From the shattered shell emerged a man-sized, flightless creature, its head bowed. Oliver tried to film it — only static appeared. The creature raised its head, eyes predatory and fixed on them.
Suddenly, weeds erupted from the soil, thick as pythons, slithering toward Oliver’s house. The air filled with the sound of smashing windows and restless wings.
In the garden stood the hatchling, now grotesque — feathers slick with blood and dark matter — holding hedge clippers in one elongated limb, snapping them in rhythm as a spiral of black birds circled overhead. It hacked at the pulsing weeds, which bled like wounded animals. Then the weeds turned on it, coiling around its body.
The circling birds dove — not to save it, but to worship.

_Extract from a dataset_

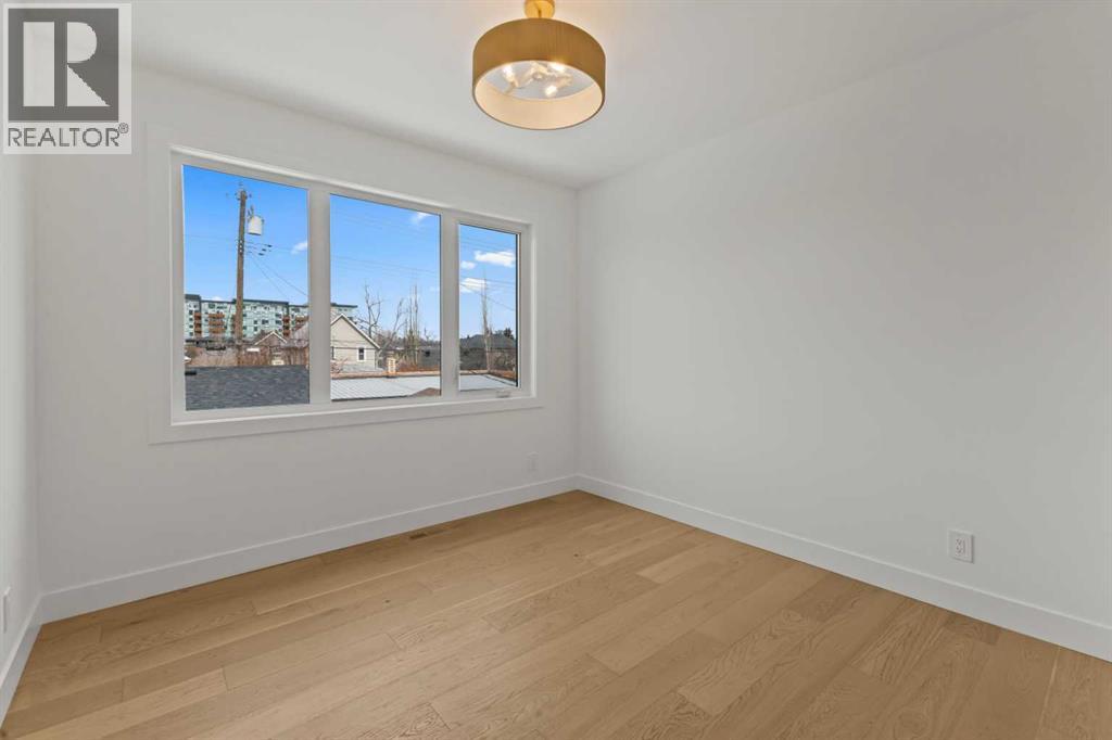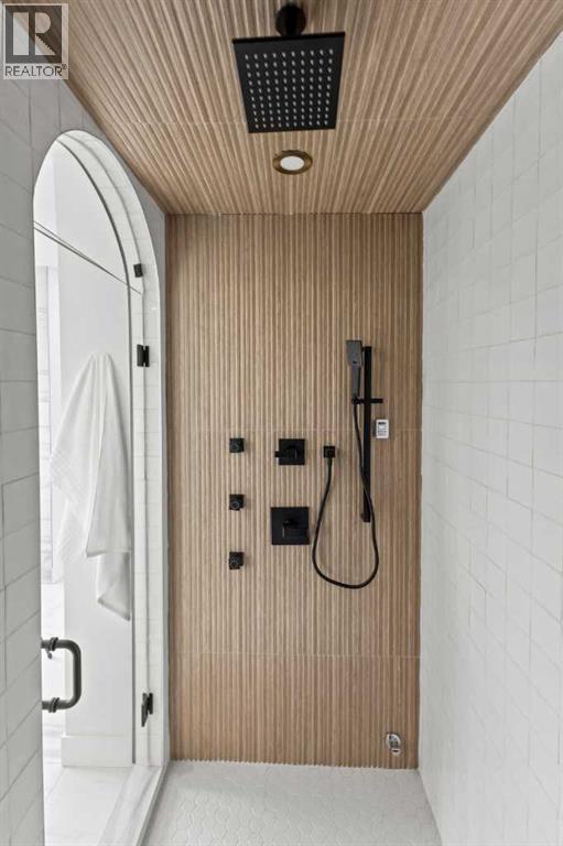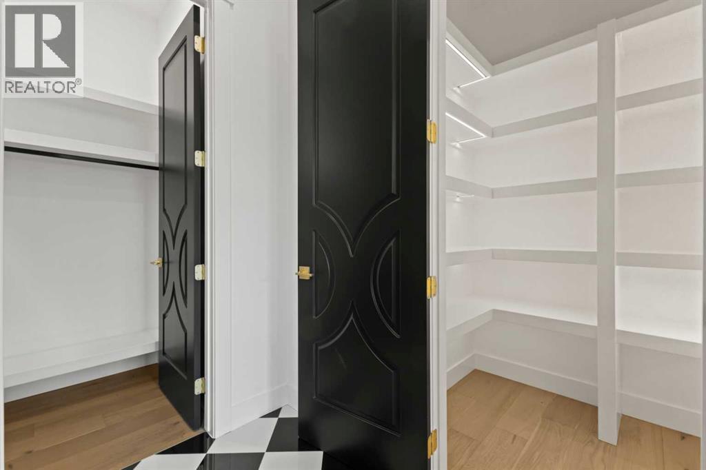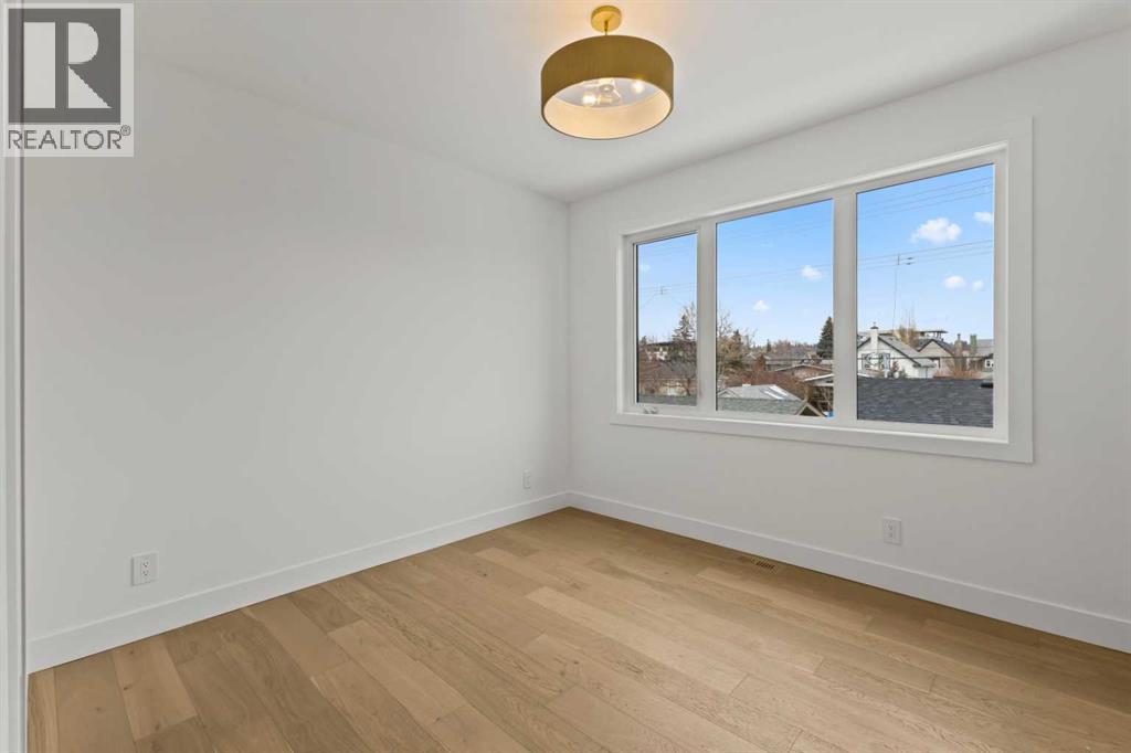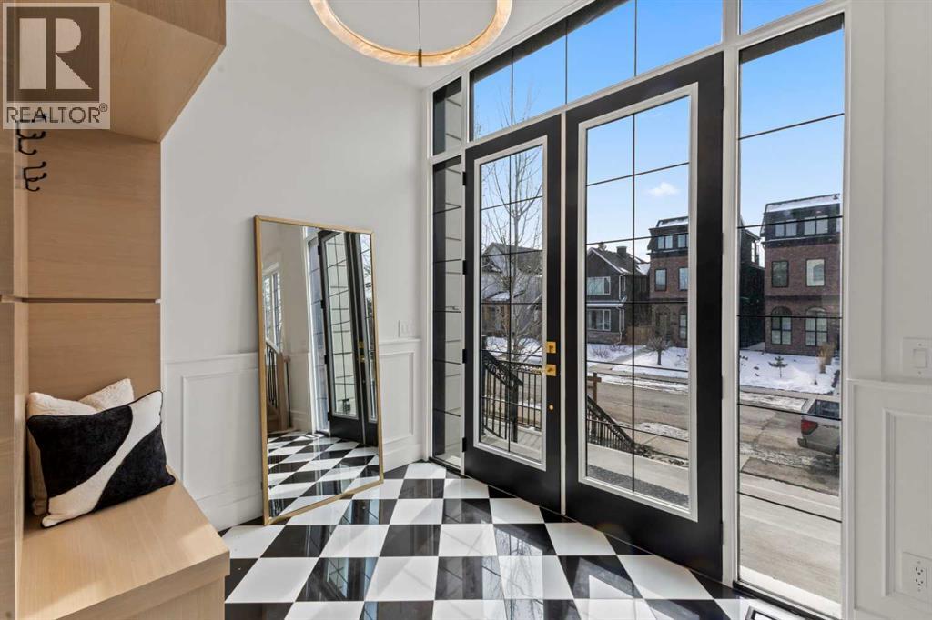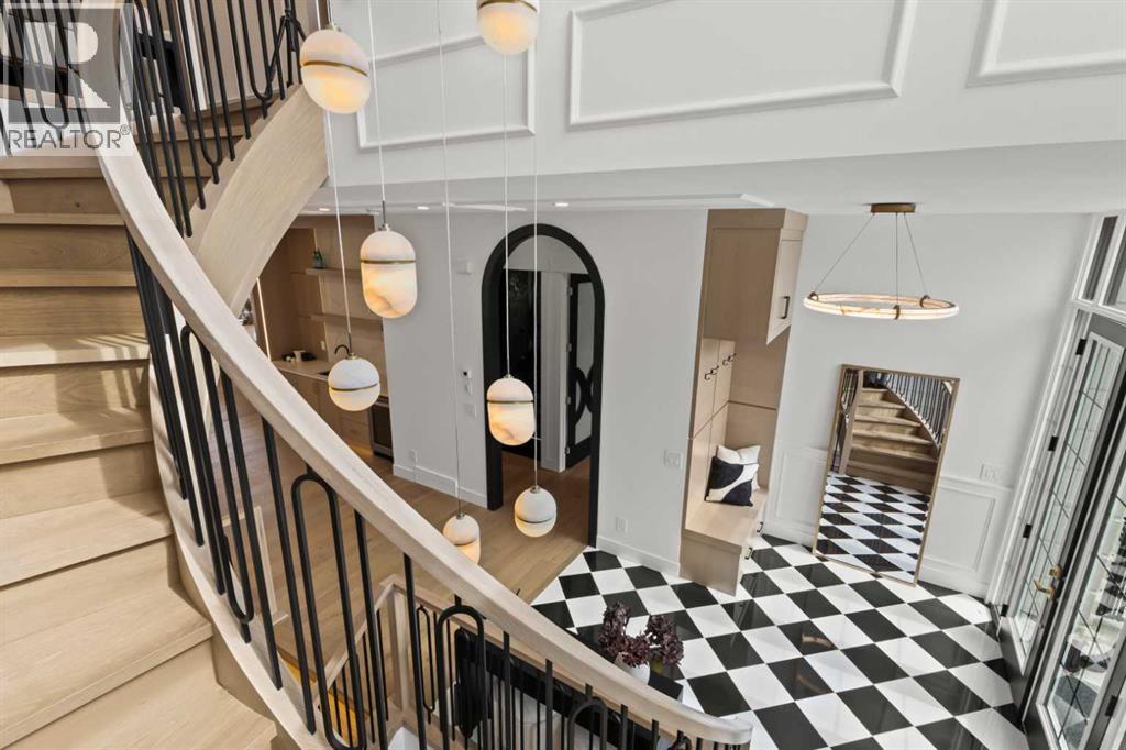 Over 4,200 sq ft of meticulously curated living space defines this exceptional estate by Moon Homes, where architectural elegance and elevated design come together in the heart of West Hillhurst.From the moment you arrive, the home makes a striking impression with full-height arched windows, a curved concrete front porch, elegant cast-iron fencing, and a beautifully illuminated exterior. The front steps are fully lit, while the signature front arch is softly illuminated, creating a dramatic presence day and night. Step inside to a breathtaking foyer anchored by a showpiece spiral staircase that immediately captures attention. Rich white oak paneling, extensive wainscoting, and elegant archways create a refined, cohesive aesthetic throughout.The main floor is designed for both grand entertaining and everyday luxury, featuring 10ft ceilings and engineered hardwood flooring. A private front office with custom built-in shelving and a large sun-filled window offers an ideal workspace. The formal dining area, framed by floor-to-ceiling windows, connects seamlessly to a custom wet bar and coffee station, while a stunning two-way gas fireplace elegantly divides the dining and living spaces. The living room is centred around a built-in feature wall and opens through dual sliding doors to the rear deck.At the heart of the home, the designer kitchen showcases custom cabinetry, a custom-crafted quartz island, quartz sink, and a striking quartz range hood. A premium appliance package and under-cabinet lighting elevate both form and function, while a large rear window fills the space with natural light. The mudroom offers built-in storage, coat closets, and direct access to a fully outfitted pantry with built-ins, leading to the triple detached garage.Upstairs, 9ft ceilings and oversized windows continue the sense of openness. A central bonus room provides flexible living space, while all bedrooms feature their own private ensuites. The primary retreat offers French doors , a private lounge area, and downtown views. Dual walk-through his-and-hers closets lead to a spa-inspired ensuite with heated floors, dual vanities, a freestanding soaker tub, and a fully tiled steam shower.The upper laundry room includes raised washer and dryer, quartz counters, upper cabinetry, and a sink for added convenience.The fully developed lower level features a spacious rec room, custom wet bar with quartz counters and island, built-in cabinetry, beverage fridge, and a walk-in wine room. A dedicated gym or flex space, an additional bedroom, and a full bathroom complete this level. Two furnaces provide efficient climate control for both upper levels and basement.Located steps from the Bow River pathways and minutes to Kensington, Edworthy Park, top schools, downtown, U of C, SAIT, and Foothills Hospital, with quick access to Crowchild Trail and Memorial Drive.A rare opportunity to own a truly refined inner-city estate crafted with precision and intention. (id:63190)

A ritual began. A summoning.
Logos had always been obsessed with birds. Not real birds — phantoms cloaked in feathers, black as plague, older than language. He spoke of “bringing them alive”.
They were not birds. They were devils with wings, waiting beneath the skin of the world.
When Logos opened that egg and whispered, “Let me show you my dirty bird,” he did not become their master.
He became their door.
The hatchling — firstborn of the devils — thrashed in the weeds. And then the birds turned on Logos himself, swarming in a frenzy, tearing and drinking him alive.
“A Renfield,” he gasped as they descended. “You’ve made me your slave… and now your meal.”
Then the sound was gone, and so was Logos.
But the door remained open.
And what came through would not go back.